The library’s scope is limited to European options under Black-76, Black-Scholes, and Black-Scholes-Merton. American options, exotic derivatives, and stochastic-volatility models are out of scope; the paper explicitly directs such use cases to QuantLib or model-specific libraries. Python 6 is required. PyTorch and JAX remain optional dependencies unless their respective backends are needed (Saqur, 29 Apr 2026).
Several numerical caveats are documented. Near-expiry and wing cases are acknowledged as difficult for naïve Newton or Halley iterations; accordingly, the default solver employs guardrails, clipping, and bisection fallback, and LBR is recommended for highly robust inversions on wings. Precision choice is treated as consequential: float64 is recommended for accuracy-sensitive tasks, especially implied volatility and Greeks, while float32 may improve throughput but can lose a digit on extreme strikes.
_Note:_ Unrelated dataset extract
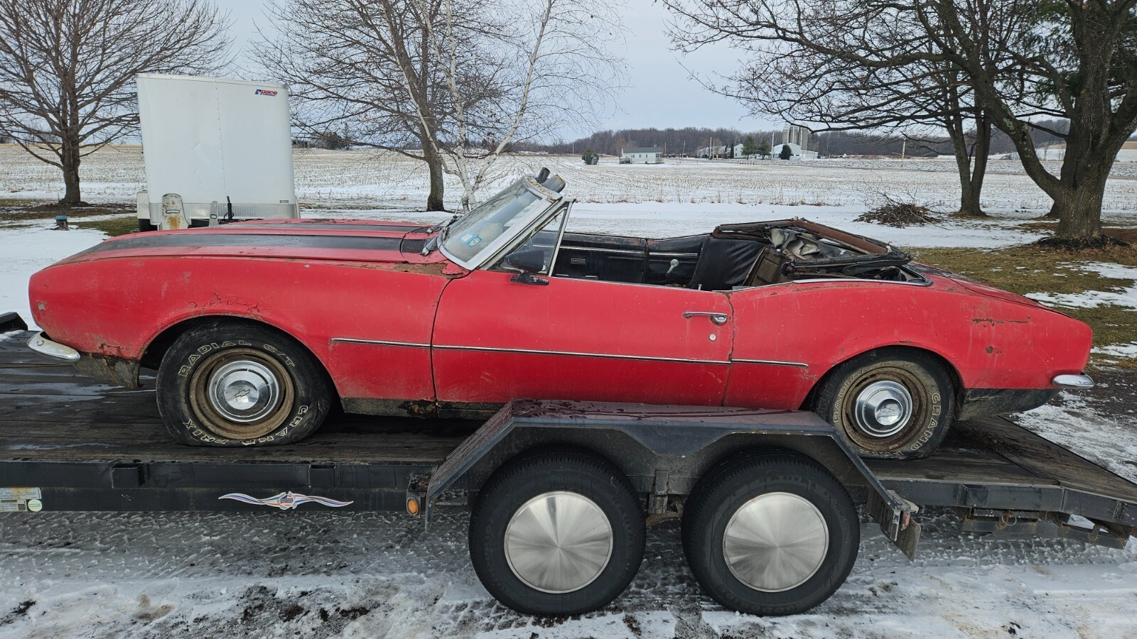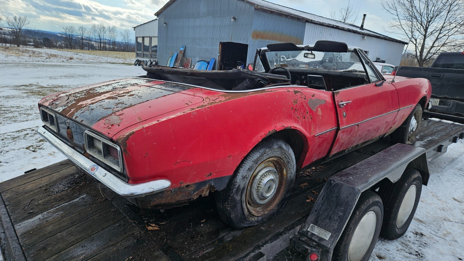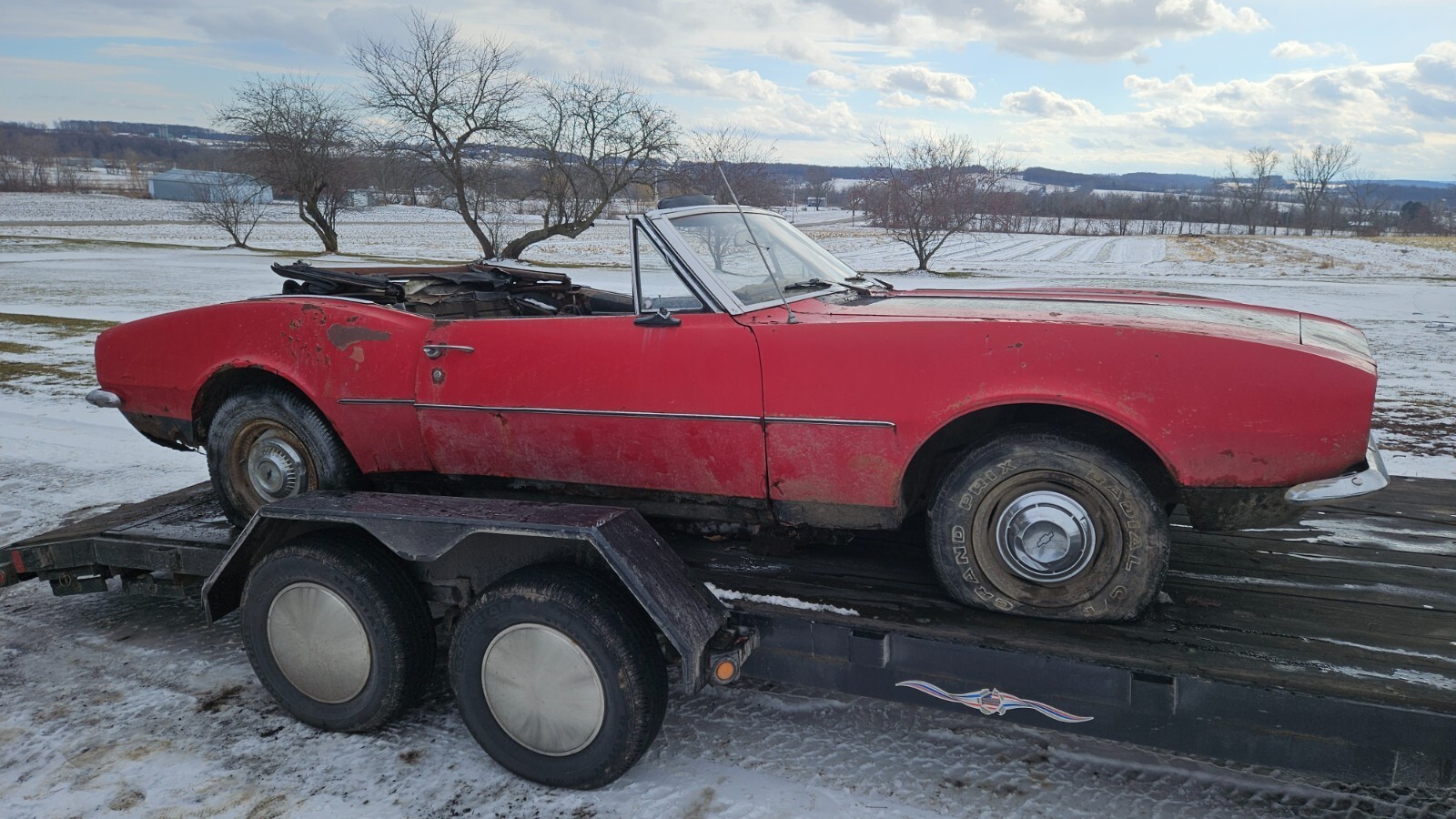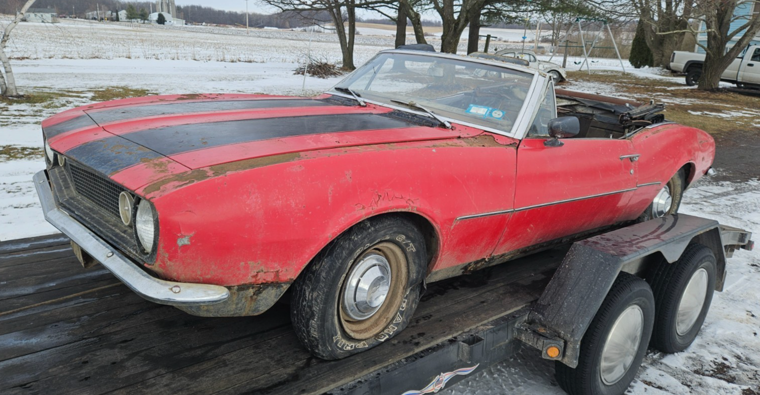 NO RESERVE. Please only bid if you are a serious buyer, look into transportation costs before bidding. Will hold until you find transportation with a deposit. Selling a 1967 Chevy Camaro convertible. It is pretty much complete besides the front seats. This is a rough project or parts car, originally white with red interior. It has been off the road and sitting for about 35 years. It is very rough and rusty underneath, floors, unibody, rear subframe, and most lower sheet metal is very rough. The front of the left rear spring is pushing up through the floor, doors do not shut properly due to sag. There is not a whole lot keeping the car together. All convertible specific parts are present, the top frame is in good shape. Has all 4 cocktail shakers in place. It is currently off the trailer, sitting on the wheels/tires seen in the main picture, will also come with the stock ones if wanted. It rolls and steers. It has what I assume is the original 6 cyl engine, it cranks and has compression but doesn't have spark. Powerglide transmission, fluid is clean. This has no title/registration or paperwork, but it would be easy to get in New York, could possibly assist if out of state. Pickup in Stanley NY zip 14561. I have more underside pictures available upon request.

The vectorized LBR implementations—NumPy/Numba, torch.compile, jax.jit, and Triton—are all described as experimental (Saqur, 29 Apr 2026).
A related misconception is that fast-vollib attempts to be a general option-pricing framework. The paper does not support that reading. Its purpose is narrower and more technical: to preserve the familiar py_vollib interface while adding vectorization, backend modularity, and accelerated implied-volatility inversion for modern AI and quantitative workloads. In that sense, its significance lies less in introducing new financial models than in recasting standard Black/BS/BSM analytics into a backend-pluggable computational substrate (Saqur, 29 Apr 2026).
The broader 2026 literature on implied-volatility solvers indicates that this substrate is open to further specialization. FlashIV, for example, presents a low-latency Black-Scholes inversion path based on normalized out-of-the-money coordinates, an erfcx/log-price residual, and fixed-count Householder refinement, and it explicitly describes integration points for vollib/fast-vollib (Floc'h et al., 27 May 2026). This does not change fast-vollib’s documented feature set, but it situates the library within an active line of work on production-grade implied-volatility inversion where normalization, branch-light iteration, and hardware-conscious implementation are treated as first-class design parameters.